*** Begin section ***
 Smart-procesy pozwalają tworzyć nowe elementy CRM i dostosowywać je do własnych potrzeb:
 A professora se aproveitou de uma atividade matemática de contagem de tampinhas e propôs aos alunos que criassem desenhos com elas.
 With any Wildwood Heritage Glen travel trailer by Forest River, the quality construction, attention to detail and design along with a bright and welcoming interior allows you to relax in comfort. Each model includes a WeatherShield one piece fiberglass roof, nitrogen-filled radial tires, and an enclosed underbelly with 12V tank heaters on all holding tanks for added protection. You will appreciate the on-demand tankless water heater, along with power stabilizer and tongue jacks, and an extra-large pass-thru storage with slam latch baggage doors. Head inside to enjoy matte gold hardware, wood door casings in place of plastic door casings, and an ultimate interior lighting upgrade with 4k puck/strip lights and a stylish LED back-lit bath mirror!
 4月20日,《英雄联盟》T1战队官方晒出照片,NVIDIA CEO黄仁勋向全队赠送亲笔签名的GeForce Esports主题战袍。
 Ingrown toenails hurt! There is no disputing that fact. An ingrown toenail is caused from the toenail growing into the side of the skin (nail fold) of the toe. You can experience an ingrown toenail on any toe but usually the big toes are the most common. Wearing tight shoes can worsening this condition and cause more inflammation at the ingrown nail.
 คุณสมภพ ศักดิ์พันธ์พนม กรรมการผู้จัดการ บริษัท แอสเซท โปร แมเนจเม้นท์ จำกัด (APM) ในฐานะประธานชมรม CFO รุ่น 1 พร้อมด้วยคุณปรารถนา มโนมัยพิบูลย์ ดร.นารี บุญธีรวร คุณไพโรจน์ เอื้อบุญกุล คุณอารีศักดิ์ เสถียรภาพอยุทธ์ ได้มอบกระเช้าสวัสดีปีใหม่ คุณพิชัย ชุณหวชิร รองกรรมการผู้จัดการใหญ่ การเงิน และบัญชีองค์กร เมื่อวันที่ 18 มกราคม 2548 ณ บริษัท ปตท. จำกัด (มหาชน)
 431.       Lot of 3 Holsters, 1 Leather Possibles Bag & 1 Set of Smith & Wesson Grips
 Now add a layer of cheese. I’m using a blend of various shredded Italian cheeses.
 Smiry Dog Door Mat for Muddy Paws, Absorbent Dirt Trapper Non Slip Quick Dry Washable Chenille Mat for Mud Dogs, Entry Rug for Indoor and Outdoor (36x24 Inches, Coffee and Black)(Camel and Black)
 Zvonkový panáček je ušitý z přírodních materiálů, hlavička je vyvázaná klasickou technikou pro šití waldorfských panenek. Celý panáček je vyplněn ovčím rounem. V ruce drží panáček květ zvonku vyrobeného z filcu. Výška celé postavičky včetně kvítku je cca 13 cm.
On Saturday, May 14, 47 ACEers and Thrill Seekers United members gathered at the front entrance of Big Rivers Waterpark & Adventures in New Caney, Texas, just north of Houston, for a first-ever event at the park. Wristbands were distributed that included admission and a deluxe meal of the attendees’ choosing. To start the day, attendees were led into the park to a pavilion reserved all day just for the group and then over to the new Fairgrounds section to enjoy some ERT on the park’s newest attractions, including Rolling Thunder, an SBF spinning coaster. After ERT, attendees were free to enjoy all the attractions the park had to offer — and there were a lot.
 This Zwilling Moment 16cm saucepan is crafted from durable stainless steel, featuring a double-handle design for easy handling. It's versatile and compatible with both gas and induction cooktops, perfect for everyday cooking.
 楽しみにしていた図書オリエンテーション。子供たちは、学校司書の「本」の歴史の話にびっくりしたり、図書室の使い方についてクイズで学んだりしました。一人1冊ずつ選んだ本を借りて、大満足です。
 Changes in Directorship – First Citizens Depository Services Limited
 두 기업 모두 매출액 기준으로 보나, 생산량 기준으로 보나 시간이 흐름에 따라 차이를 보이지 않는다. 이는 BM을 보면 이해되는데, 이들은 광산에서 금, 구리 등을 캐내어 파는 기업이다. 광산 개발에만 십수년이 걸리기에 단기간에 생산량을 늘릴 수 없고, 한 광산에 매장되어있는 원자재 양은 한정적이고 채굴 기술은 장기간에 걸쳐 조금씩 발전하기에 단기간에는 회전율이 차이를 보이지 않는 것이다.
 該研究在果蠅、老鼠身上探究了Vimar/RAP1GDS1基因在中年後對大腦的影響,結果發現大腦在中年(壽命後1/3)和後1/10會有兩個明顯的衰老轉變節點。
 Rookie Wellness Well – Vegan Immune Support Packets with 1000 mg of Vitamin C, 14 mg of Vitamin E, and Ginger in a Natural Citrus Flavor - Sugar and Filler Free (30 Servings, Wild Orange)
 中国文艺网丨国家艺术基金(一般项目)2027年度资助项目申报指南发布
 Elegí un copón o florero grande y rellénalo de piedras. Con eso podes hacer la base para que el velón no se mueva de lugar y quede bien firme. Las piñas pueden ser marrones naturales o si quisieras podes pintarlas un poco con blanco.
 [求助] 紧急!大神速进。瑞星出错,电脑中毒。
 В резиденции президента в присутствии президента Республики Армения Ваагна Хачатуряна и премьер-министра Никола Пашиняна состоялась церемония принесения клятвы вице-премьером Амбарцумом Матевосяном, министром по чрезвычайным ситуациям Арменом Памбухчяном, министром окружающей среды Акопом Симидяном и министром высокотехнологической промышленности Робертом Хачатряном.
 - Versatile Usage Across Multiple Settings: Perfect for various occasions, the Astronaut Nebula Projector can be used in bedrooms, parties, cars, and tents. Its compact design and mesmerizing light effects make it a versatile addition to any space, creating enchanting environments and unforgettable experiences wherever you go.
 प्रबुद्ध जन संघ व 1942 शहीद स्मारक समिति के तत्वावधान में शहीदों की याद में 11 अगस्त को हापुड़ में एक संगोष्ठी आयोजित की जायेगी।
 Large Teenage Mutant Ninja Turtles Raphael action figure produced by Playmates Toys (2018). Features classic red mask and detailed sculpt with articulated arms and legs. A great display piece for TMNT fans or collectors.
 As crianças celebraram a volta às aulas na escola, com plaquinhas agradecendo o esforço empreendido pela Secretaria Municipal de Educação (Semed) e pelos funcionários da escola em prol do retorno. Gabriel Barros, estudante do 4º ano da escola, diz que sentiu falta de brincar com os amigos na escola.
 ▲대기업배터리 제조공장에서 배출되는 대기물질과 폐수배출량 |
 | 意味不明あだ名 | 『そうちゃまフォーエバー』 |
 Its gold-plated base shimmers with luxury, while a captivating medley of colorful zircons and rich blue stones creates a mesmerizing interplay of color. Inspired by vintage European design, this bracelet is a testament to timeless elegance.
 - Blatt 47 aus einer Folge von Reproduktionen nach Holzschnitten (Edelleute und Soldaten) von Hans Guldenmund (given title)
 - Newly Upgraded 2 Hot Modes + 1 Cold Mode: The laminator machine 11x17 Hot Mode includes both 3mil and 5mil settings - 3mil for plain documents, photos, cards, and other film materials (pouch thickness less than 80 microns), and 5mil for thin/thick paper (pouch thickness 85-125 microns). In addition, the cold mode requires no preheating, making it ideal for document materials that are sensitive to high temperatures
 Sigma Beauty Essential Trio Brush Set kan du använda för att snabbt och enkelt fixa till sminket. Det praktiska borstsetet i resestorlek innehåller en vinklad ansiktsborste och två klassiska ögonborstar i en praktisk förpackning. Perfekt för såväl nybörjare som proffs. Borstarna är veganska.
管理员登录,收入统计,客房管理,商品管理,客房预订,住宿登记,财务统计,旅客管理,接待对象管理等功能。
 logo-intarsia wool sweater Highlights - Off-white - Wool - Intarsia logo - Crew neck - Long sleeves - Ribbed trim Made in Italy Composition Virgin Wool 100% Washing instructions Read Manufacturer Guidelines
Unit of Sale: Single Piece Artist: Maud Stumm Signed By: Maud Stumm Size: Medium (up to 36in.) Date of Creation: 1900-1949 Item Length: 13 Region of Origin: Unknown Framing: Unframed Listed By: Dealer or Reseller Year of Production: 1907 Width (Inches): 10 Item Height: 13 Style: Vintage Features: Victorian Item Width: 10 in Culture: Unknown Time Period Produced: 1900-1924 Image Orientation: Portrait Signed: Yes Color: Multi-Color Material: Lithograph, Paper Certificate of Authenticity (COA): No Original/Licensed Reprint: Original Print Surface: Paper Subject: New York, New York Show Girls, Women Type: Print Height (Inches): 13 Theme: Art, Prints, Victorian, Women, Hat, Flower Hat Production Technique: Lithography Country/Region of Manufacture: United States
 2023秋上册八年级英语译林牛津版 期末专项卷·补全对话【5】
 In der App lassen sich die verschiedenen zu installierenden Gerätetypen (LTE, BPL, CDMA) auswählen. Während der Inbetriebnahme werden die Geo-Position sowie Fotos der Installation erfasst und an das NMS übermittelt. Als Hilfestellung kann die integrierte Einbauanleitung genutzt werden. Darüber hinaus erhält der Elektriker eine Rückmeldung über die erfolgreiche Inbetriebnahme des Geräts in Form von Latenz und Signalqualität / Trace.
*** End section ***
* WORK TO COMPLETE
There is a line with "As crianças celebraram" and a line with "- Blatt 47 aus" above. Copy exactly those two lines and all lines between them, with nothing else.

* OUTPUT FOR THIS TASK
 As crianças celebraram a volta às aulas na escola, com plaquinhas agradecendo o esforço empreendido pela Secretaria Municipal de Educação (Semed) e pelos funcionários da escola em prol do retorno. Gabriel Barros, estudante do 4º ano da escola, diz que sentiu falta de brincar com os amigos na escola.
 ▲대기업배터리 제조공장에서 배출되는 대기물질과 폐수배출량 |
 | 意味不明あだ名 | 『そうちゃまフォーエバー』 |
 Its gold-plated base shimmers with luxury, while a captivating medley of colorful zircons and rich blue stones creates a mesmerizing interplay of color. Inspired by vintage European design, this bracelet is a testament to timeless elegance.
 - Blatt 47 aus einer Folge von Reproduktionen nach Holzschnitten (Edelleute und Soldaten) von Hans Guldenmund (given title)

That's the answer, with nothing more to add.